Туда сюда обратно
Не один из прочитавших сборник эссе этого известного российского автора, воскликнет, словно герой советского фильма: «На его месте должен быть я!». Имея в виду, что подобную книгу мог бы написать каждый, кто любить и умеет путешествовать с пользой и дружить с языком. Который, если ответить цитатой из упомянутой картины («напьешься — будешь») порой заплетается от избытка чувств, но это, словно в новой книге Александра Иличевского «Справа налево», никогда не мешает, скажем, зрению. Кстати, главы в книге так и называются — «Зрение», «Слух», «Осязание», «Память» — напоминая о «вспомогательных» органах и чувствах, когда не выходит домахать мысль руками. То есть, конечно же, изложить понятным для многих непонимающих языком.
И речь даже не в калашном ряде, куда не стоит ломиться со своим дозиметром. Хотя, в прозе у Иличевского всегда пили и пьют регулярно, а на кухне у того, кто «должен быть на его месте» — периодически. И пускай, конечно, всех роднит общая национальная тема, но если кухонную интеллигенцию она тянет в семейную Прагу, то Иличевского — в село Козиевка Краснокутского района Харьковской области, откуда родом его прадед, чудом избежавший погромов. «Возраст с коньяком обходится примерно так же, как с человеком, — он его насыщает вдумчивостью, — отвлекается автор на придорожную дегустацию. — Молодой коньяк рьян и слегка дерет гортань, в то время как двадцатилетний, слегка маслянистый на вкус и вид, тихо распускается в груди жаркой розой».

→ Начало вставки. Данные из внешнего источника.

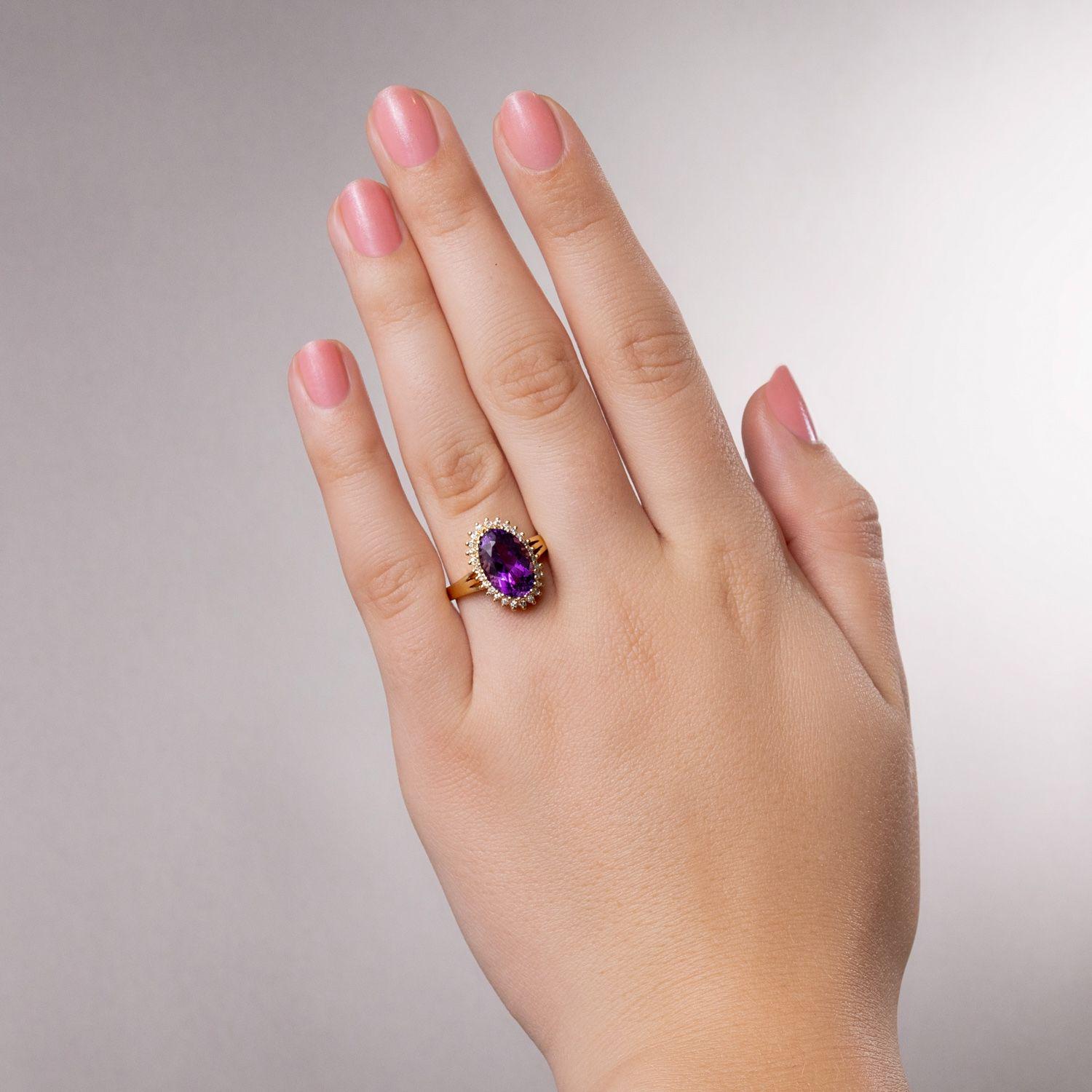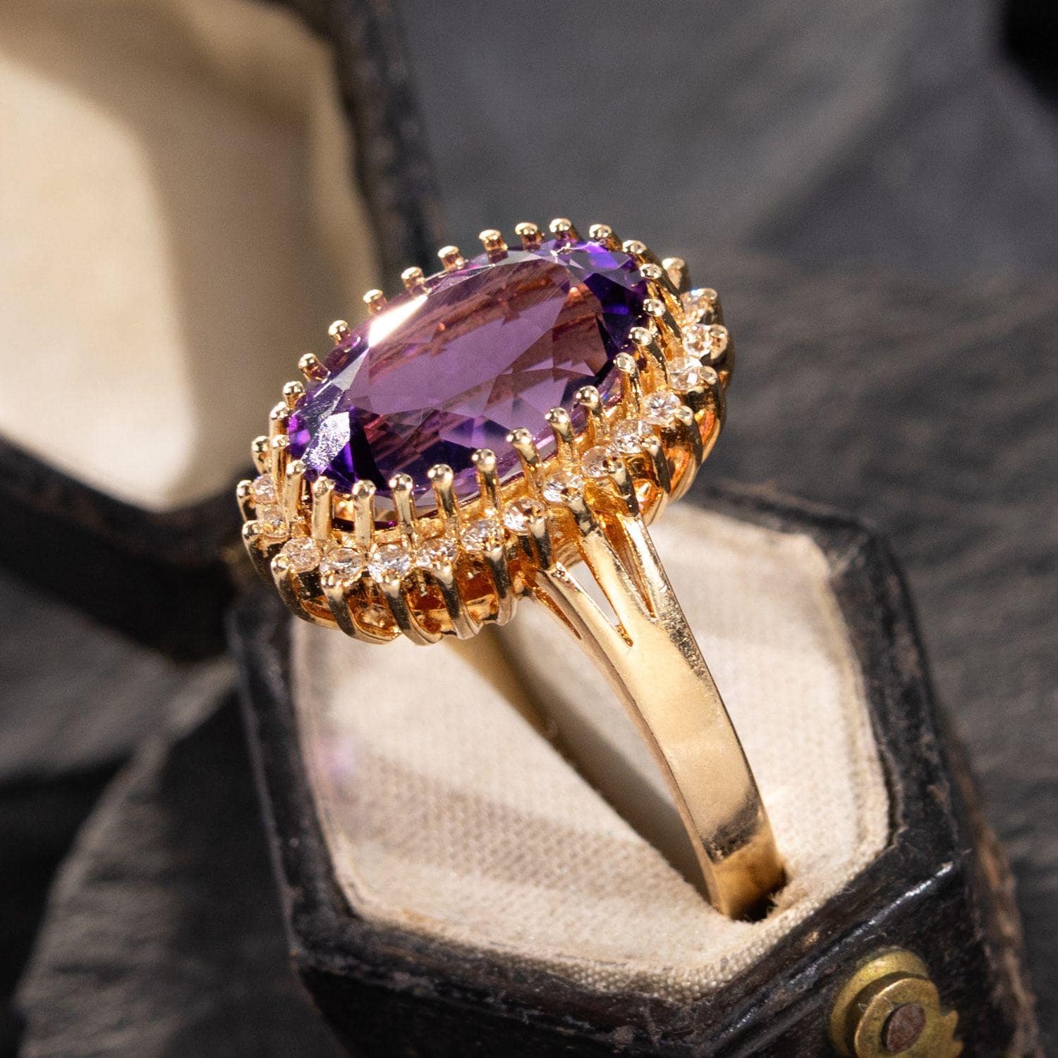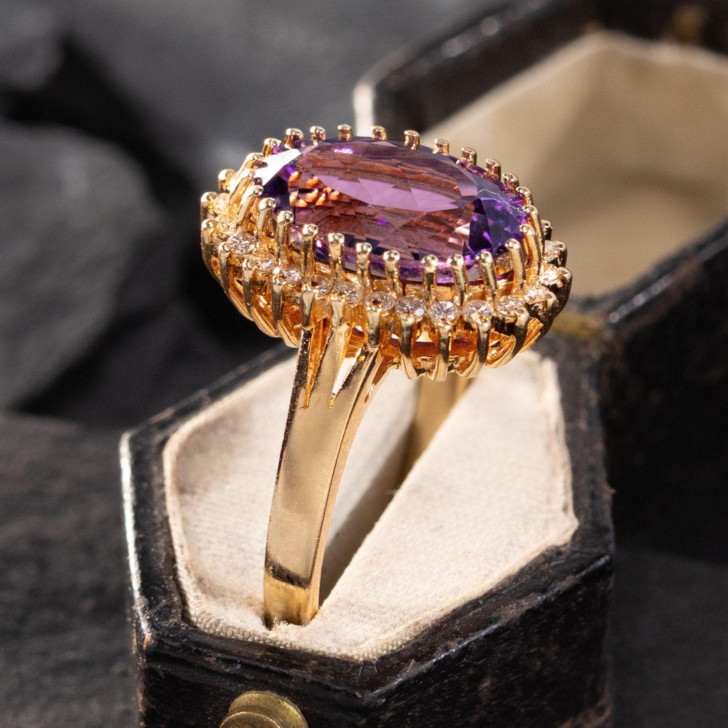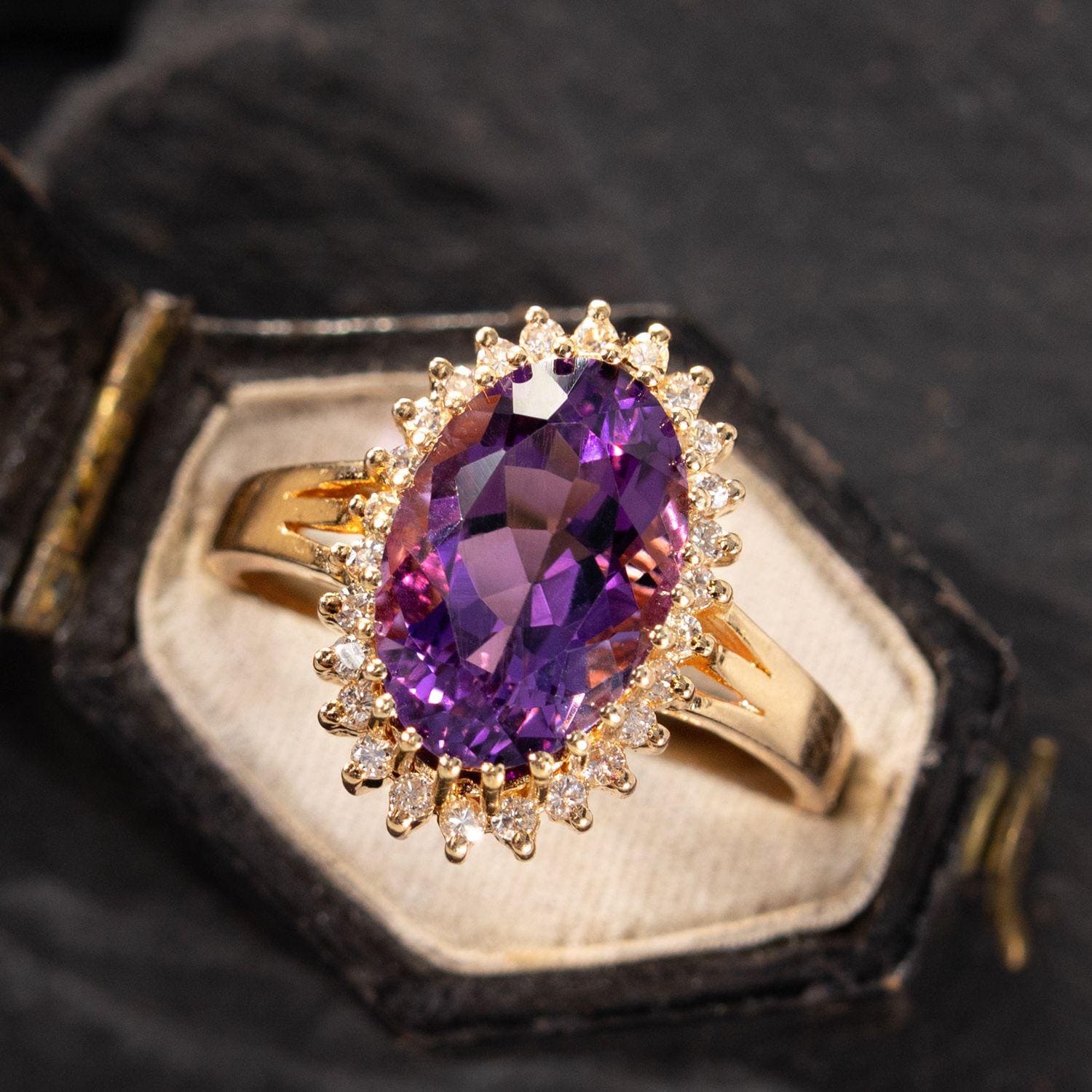 yellow gold amethyst ring, oval amethyst halo ring, diamond accent gold ring, purple gemstone cocktail ring, vintage style gold ring, 3 carat amethyst ring, halo diamond gemstone ring, gold birthstone jewelry, elegant statement ring, luxury fine gemstone ring, heirloom quality amethyst ring, anniversary gift for her, romantic purple halo ring, amethyst ring, halo ring, yellow gold ring, purple gemstone, oval amethyst, diamond halo, cocktail ring, vintage ring, gold amethyst ring, statement ring, february birthstone, fine jewelry, gift for her

И если уж речь о вкусах, то раствор в сборнике эссе у Иличевского весьма насыщенный, здесь почти в каждой пересеченной местности обязательно живет литература. Отрезвляющая почище любого запаха на кухне. И даже если она там давно не живет, все равно надо постоять, и все. Не верите? Поезжайте в Харьков и спросите. «Когда-то в Харькове целый день разыскивал здание ЧК, из окон которого, по описанию Велимира Хлебникова, сбрасывали трупы прямо в овраг, — вспоминает автор. — Внизу дежурили китайцы, похоронная команда. Потом, пишет Виктор Шкловский, НЭП закончился, и китайцы, которых в те времена по всей стране было множество, — необъяснимо, разом куда-то все пропали. По ходу поисков зашел в пустой планетарий — величественное здание, бывшая синагога. Закончился день тем, что я встал перед окнами квартиры, откуда Александра Введенского увели чекисты. Стоял и думал. О чем? Да ни о чем. О том, что пришли, постучали, увели: он сделал несколько шагов последних по панели этой неширокой тенистой улицы. И всё».
Но это в Харькове, хотя в
Читатель же обязательно заметит, что после более-менее фигурной иноходи нескольких знаковых романов у Иличевского случился неожиданный, как сказал бы Остап Бендер, галоп в сторону сборника эссе. Кажется, не первого? Если честно, подобный сбой ритма случается у многих. У того же автора «Справа налево» не так давно были вполне проходные «Орфики» про 90-е, по художественной ценности сопоставимые лишь с «Мультиками» Михаила Елизарова о том же лихом периоде, но ничто не предвещало именно такого исхода. Наверное, это своеобразная передышка, что в принципе понятно, но читатель, не подозревая подвоха, верит в благое продолжение сериала о любви с романом. А тут, представьте, остановка в пустыне, то бишь публицистика в пути. Но дело, как оказалось, того стоит, ведь пишет-то автор в данном случае «из себя», и каждая из главок его сборника напоминает конспект романа, то есть, вполне может развиться, словно саркома, в сладкую блажь будущего большого текста.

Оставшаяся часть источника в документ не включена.